Task details
From the entries below, print exactly the span beginning with the line holding "Your Position: Home" and ending with the line holding "COMAKU - جراب", endpoints included, and skip any pictures.

Records for the task
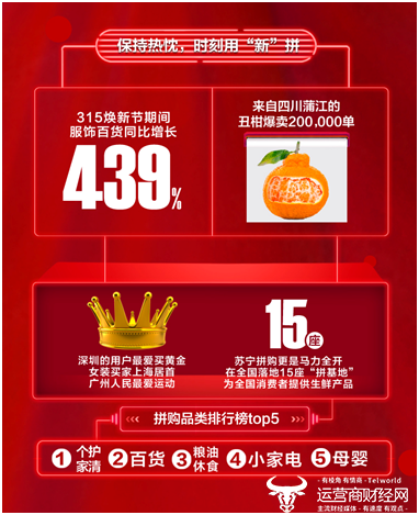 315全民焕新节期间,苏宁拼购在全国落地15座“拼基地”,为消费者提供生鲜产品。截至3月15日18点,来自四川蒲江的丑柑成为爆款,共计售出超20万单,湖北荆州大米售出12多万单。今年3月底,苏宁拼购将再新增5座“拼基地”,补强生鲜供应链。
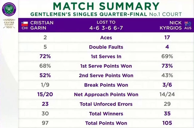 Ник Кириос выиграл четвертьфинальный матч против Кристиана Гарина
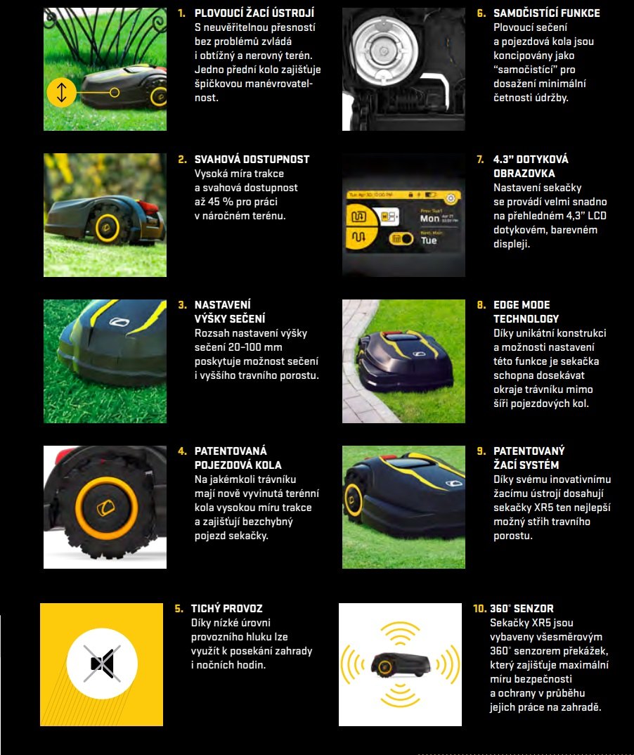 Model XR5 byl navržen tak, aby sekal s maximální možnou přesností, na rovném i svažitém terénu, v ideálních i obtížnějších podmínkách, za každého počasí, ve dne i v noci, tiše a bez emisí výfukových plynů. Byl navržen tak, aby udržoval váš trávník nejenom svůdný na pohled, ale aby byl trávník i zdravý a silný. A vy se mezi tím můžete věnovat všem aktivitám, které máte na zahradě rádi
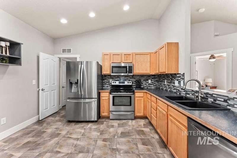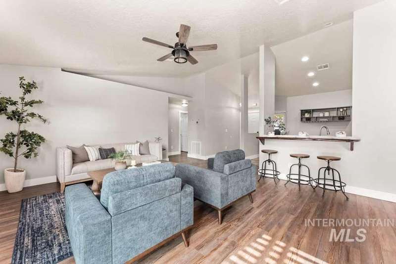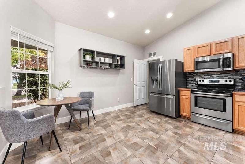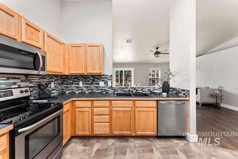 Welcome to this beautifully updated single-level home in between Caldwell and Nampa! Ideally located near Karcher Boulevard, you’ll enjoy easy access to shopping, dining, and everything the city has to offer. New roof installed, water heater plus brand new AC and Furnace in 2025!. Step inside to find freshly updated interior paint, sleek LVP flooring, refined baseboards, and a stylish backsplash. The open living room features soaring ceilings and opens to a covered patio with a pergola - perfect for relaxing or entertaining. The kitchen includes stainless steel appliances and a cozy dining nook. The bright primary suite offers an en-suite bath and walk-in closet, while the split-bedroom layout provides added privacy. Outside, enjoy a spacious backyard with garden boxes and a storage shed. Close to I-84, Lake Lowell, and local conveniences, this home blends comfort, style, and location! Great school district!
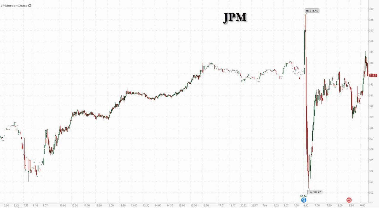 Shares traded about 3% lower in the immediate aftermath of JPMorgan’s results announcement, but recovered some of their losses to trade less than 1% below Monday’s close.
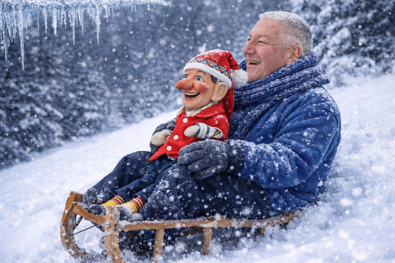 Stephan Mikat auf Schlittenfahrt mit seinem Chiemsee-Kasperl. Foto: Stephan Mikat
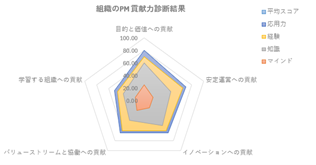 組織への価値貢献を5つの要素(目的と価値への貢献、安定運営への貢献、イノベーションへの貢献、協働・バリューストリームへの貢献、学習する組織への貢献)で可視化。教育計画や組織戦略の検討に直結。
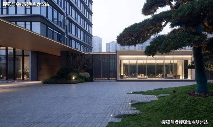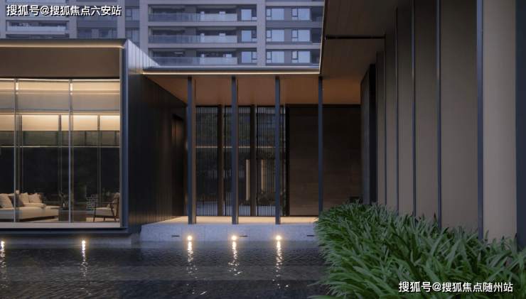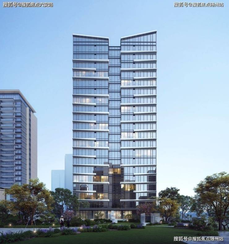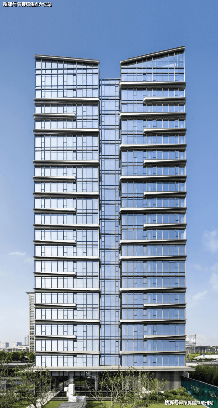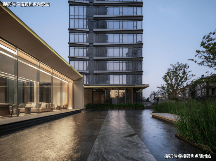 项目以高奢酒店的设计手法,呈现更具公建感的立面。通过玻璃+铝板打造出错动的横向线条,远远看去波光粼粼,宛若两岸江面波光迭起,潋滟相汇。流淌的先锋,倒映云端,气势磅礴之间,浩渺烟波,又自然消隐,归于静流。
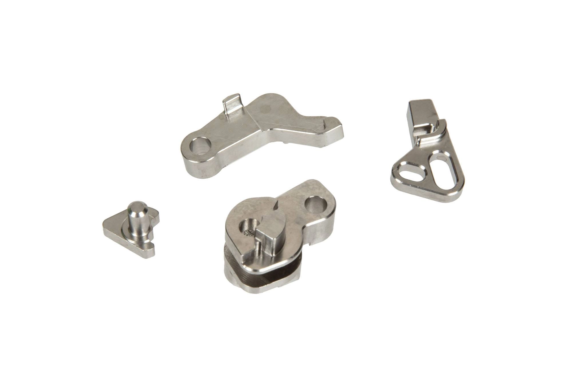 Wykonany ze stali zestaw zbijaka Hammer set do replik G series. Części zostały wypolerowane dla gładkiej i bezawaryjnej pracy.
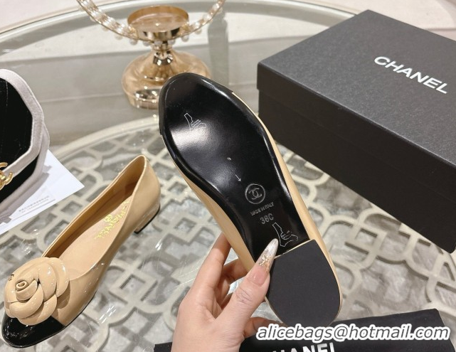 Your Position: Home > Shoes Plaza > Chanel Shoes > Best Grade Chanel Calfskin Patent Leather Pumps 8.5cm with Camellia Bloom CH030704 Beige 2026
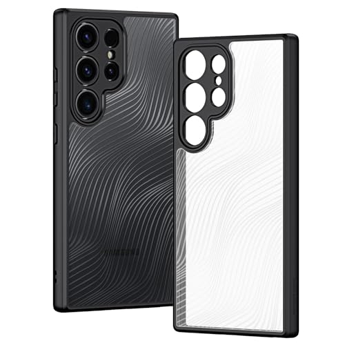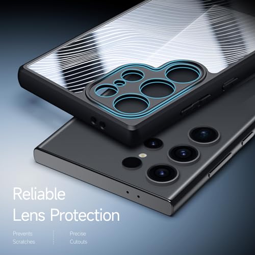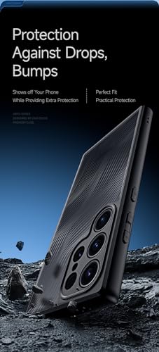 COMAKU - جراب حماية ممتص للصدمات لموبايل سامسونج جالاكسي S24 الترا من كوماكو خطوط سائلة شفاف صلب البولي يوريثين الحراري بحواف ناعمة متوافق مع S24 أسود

---

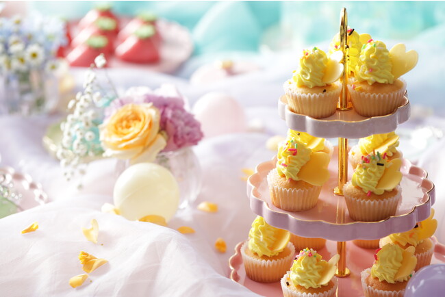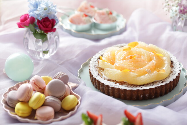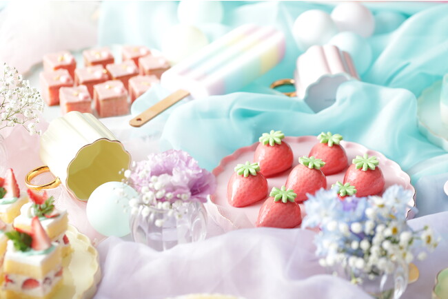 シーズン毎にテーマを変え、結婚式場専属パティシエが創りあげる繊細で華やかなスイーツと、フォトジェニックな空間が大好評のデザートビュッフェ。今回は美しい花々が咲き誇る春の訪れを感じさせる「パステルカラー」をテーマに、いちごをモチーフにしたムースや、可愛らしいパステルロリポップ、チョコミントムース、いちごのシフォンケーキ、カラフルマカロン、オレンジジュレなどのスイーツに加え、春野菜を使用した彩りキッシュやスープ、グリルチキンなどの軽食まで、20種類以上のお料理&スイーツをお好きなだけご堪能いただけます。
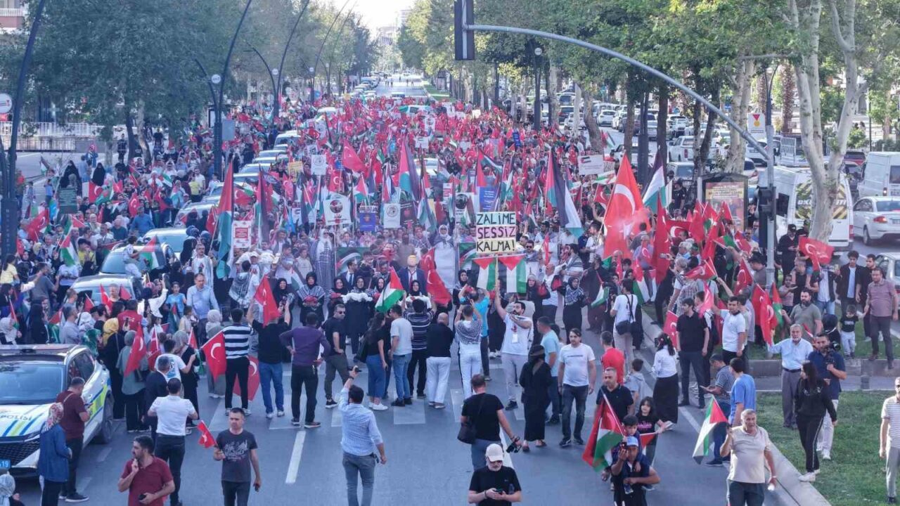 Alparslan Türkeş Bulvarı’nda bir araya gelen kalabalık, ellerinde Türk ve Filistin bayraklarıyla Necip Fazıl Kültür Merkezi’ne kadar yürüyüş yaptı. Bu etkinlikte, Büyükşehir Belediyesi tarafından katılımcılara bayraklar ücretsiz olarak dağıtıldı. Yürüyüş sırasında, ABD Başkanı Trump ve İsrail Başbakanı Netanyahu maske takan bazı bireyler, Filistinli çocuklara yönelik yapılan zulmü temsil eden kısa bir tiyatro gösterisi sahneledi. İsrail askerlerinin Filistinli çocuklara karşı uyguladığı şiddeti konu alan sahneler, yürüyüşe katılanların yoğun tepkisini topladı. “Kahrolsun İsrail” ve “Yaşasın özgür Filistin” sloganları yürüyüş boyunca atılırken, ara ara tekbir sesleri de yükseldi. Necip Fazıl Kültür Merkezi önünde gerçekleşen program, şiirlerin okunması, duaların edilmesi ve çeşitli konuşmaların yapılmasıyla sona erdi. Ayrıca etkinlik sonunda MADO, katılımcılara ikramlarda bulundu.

* * *

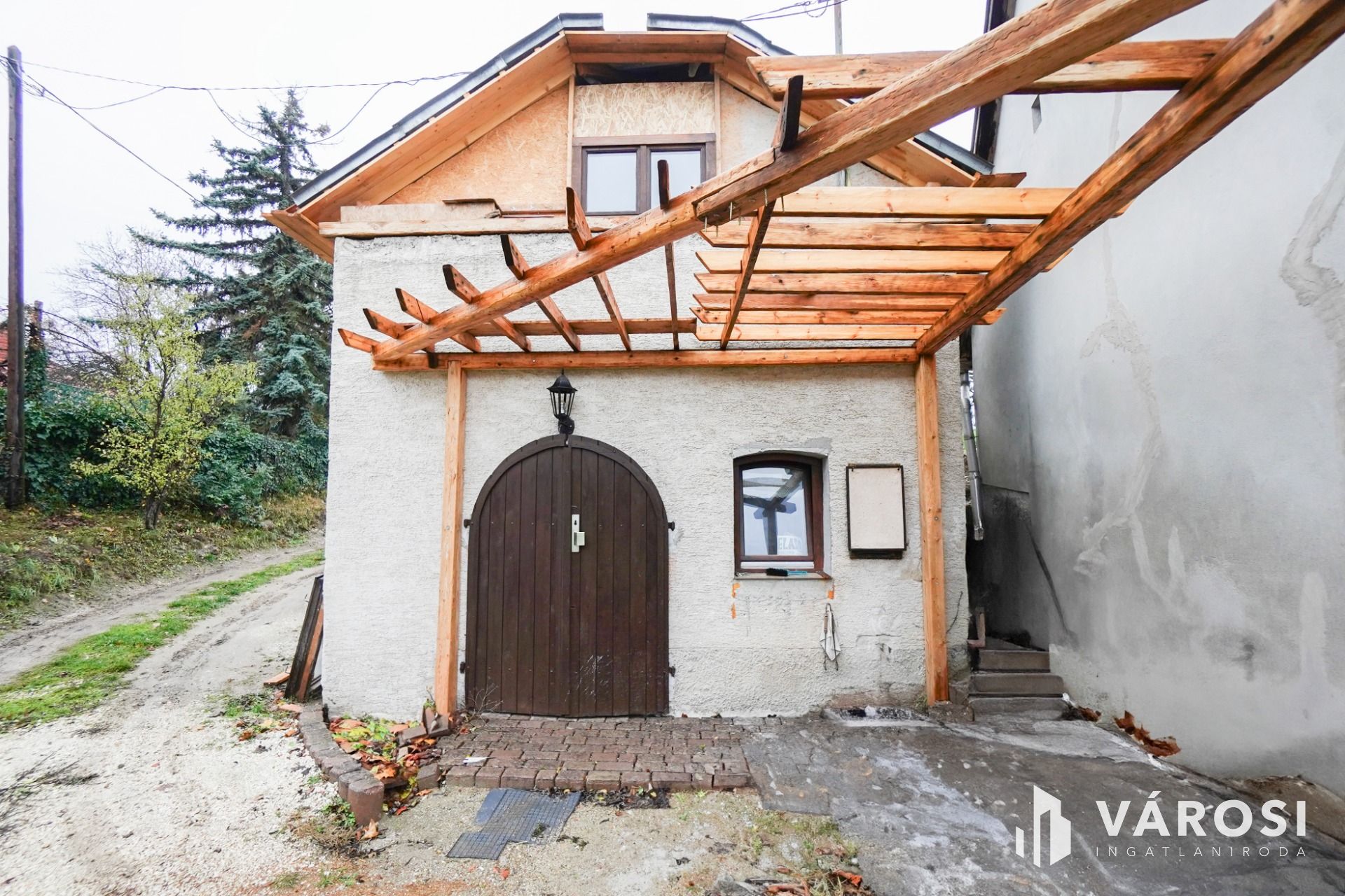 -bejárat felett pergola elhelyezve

Answer to this problem
 Your Position: Home > Shoes Plaza > Chanel Shoes > Best Grade Chanel Calfskin Patent Leather Pumps 8.5cm with Camellia Bloom CH030704 Beige 2026
 COMAKU - جراب حماية ممتص للصدمات لموبايل سامسونج جالاكسي S24 الترا من كوماكو خطوط سائلة شفاف صلب البولي يوريثين الحراري بحواف ناعمة متوافق مع S24 أسود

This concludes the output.